Frequent use of SABA alone may lead to worsening airway inflammation, increased airway hyperresponsiveness, development of tolerance to β₂ agonists, and a higher risk of severe or fatal asthma attacks. Modern asthma management guidelines recommend the use of Inhaled corticosteroids such as Fluticasone as controller therapy to suppress airway inflammation, with SABAs used only for rapid symptom relief.

Q3. What Is the Difference Between Loperamide and Diphenoxylate?

Loperamide and Diphenoxylate both act as μ-opioid receptor agonists in the intestinal wall to reduce gastrointestinal motility and control diarrhea.

However, loperamide does not significantly cross the blood–brain barrier because it is actively transported out of the central nervous system by P glycoprotein. Therefore, it produces minimal central nervous system effects and has very low abuse potential, allowing it to be sold over the counter.

Diphenoxylate, on the other hand, can cross the blood–brain barrier, which creates potential for CNS effects and abuse. For this reason, it is combined with Atropine in the formulation Lomotil. The atropine produces unpleasant anticholinergic side effects at high doses, discouraging misuse.
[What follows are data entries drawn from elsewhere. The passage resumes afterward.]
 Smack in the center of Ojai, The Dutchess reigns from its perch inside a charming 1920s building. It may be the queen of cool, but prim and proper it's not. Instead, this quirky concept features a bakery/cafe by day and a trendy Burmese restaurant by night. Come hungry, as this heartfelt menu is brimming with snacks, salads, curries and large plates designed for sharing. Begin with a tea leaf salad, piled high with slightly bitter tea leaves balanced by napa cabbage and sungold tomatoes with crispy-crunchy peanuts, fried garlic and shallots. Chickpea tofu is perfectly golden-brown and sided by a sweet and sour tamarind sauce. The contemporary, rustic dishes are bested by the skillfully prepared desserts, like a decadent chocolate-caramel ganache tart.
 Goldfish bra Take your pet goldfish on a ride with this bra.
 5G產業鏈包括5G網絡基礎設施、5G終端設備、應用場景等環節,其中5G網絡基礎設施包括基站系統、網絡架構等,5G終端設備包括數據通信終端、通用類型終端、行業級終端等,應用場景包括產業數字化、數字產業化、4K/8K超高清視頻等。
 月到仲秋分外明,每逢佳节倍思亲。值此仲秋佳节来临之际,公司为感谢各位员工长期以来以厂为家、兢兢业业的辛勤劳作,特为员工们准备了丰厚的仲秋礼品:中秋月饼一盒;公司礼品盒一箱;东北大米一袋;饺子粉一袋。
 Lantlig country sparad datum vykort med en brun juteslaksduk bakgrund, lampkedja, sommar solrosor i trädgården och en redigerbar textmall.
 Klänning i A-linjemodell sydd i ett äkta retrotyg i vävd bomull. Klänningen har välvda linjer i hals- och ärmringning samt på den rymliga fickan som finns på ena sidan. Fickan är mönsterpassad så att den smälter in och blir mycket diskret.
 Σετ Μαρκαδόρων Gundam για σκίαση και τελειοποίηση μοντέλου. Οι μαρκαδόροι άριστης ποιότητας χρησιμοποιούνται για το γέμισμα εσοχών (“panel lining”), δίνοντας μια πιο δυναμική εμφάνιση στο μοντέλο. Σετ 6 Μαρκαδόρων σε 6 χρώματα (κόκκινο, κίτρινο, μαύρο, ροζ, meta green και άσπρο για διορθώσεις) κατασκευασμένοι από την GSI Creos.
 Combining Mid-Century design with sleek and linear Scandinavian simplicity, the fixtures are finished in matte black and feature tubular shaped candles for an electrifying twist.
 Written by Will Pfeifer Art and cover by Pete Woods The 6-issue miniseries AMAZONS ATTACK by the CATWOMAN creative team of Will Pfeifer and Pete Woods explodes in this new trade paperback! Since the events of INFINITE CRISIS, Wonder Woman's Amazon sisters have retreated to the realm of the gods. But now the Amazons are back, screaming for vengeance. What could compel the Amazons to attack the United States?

Q4. What Is Rhinitis Medicamentosa?

Rhinitis medicamentosa is a condition of rebound nasal congestion caused by prolonged use of topical nasal decongestants such as Oxymetazoline or Xylometazoline. These drugs initially relieve congestion by causing vasoconstriction of nasal blood vessels. However, continuous use for more than about 3–5 days leads to mucosal ischemia and reduced receptor responsiveness.

When the drug effect wears off, the nasal mucosa undergoes reactive vasodilation and swelling, resulting in worse congestion than before. Patients often respond by using the spray more frequently, creating a vicious cycle. Treatment involves discontinuing the decongestant and using intranasal corticosteroids such as Fluticasone to reduce inflammation and restore normal nasal function.